Segment Start: Source material
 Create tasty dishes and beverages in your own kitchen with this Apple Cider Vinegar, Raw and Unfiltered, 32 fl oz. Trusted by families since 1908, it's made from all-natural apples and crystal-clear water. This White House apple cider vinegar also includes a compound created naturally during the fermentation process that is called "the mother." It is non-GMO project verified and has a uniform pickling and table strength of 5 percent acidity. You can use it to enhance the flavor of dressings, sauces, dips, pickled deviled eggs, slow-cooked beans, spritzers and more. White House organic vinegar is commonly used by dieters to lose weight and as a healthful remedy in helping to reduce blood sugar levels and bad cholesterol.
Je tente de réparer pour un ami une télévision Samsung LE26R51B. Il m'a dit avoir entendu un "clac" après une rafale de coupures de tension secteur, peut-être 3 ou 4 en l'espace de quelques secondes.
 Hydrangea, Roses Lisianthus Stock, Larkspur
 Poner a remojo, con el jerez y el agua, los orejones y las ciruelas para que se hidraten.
Segment End: Source material
Word for word, repeat the lines that begin at the one with "Hydrangea, Roses Lisianthus Stock, Larkspur" and continue to the end of the listing above.

 Hydrangea, Roses Lisianthus Stock, Larkspur
 Poner a remojo, con el jerez y el agua, los orejones y las ciruelas para que se hidraten.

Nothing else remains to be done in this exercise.